_Information provided_
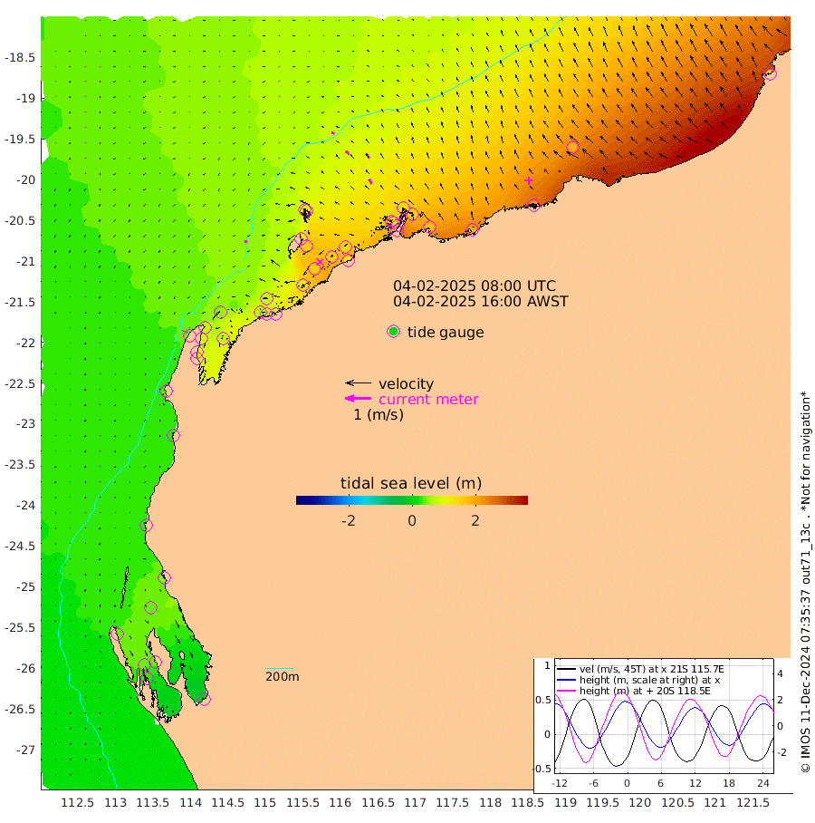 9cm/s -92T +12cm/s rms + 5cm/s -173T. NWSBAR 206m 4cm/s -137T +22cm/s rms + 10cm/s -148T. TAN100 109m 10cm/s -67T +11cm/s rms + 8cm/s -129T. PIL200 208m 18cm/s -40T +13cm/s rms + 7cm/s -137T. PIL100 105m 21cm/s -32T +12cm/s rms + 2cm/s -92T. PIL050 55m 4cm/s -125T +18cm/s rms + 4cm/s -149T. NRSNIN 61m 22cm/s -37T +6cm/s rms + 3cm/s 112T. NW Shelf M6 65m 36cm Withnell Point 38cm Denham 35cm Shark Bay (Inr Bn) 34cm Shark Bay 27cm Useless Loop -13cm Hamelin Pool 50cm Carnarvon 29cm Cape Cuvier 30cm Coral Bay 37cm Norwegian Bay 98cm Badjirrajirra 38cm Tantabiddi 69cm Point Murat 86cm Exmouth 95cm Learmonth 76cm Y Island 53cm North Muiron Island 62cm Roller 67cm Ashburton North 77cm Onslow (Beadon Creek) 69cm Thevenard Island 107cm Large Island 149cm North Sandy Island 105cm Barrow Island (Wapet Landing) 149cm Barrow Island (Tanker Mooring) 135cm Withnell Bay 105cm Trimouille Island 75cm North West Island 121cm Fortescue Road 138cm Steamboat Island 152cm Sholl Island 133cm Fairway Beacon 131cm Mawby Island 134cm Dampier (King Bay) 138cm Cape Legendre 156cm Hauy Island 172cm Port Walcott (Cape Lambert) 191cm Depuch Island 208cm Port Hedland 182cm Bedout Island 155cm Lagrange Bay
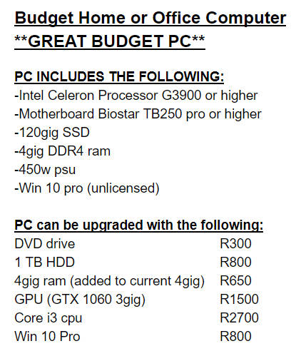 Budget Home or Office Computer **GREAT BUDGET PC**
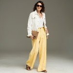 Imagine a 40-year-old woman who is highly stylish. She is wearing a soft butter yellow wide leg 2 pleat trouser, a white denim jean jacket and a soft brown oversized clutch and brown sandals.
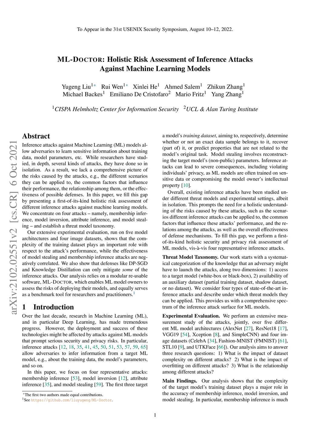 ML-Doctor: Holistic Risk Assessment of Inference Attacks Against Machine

_Your goal_
Transcribe the data exactly, minus any images.

_Completed task_
 9cm/s -92T +12cm/s rms + 5cm/s -173T. NWSBAR 206m 4cm/s -137T +22cm/s rms + 10cm/s -148T. TAN100 109m 10cm/s -67T +11cm/s rms + 8cm/s -129T. PIL200 208m 18cm/s -40T +13cm/s rms + 7cm/s -137T. PIL100 105m 21cm/s -32T +12cm/s rms + 2cm/s -92T. PIL050 55m 4cm/s -125T +18cm/s rms + 4cm/s -149T. NRSNIN 61m 22cm/s -37T +6cm/s rms + 3cm/s 112T. NW Shelf M6 65m 36cm Withnell Point 38cm Denham 35cm Shark Bay (Inr Bn) 34cm Shark Bay 27cm Useless Loop -13cm Hamelin Pool 50cm Carnarvon 29cm Cape Cuvier 30cm Coral Bay 37cm Norwegian Bay 98cm Badjirrajirra 38cm Tantabiddi 69cm Point Murat 86cm Exmouth 95cm Learmonth 76cm Y Island 53cm North Muiron Island 62cm Roller 67cm Ashburton North 77cm Onslow (Beadon Creek) 69cm Thevenard Island 107cm Large Island 149cm North Sandy Island 105cm Barrow Island (Wapet Landing) 149cm Barrow Island (Tanker Mooring) 135cm Withnell Bay 105cm Trimouille Island 75cm North West Island 121cm Fortescue Road 138cm Steamboat Island 152cm Sholl Island 133cm Fairway Beacon 131cm Mawby Island 134cm Dampier (King Bay) 138cm Cape Legendre 156cm Hauy Island 172cm Port Walcott (Cape Lambert) 191cm Depuch Island 208cm Port Hedland 182cm Bedout Island 155cm Lagrange Bay
 Budget Home or Office Computer **GREAT BUDGET PC**
 Imagine a 40-year-old woman who is highly stylish. She is wearing a soft butter yellow wide leg 2 pleat trouser, a white denim jean jacket and a soft brown oversized clutch and brown sandals.
 ML-Doctor: Holistic Risk Assessment of Inference Attacks Against Machine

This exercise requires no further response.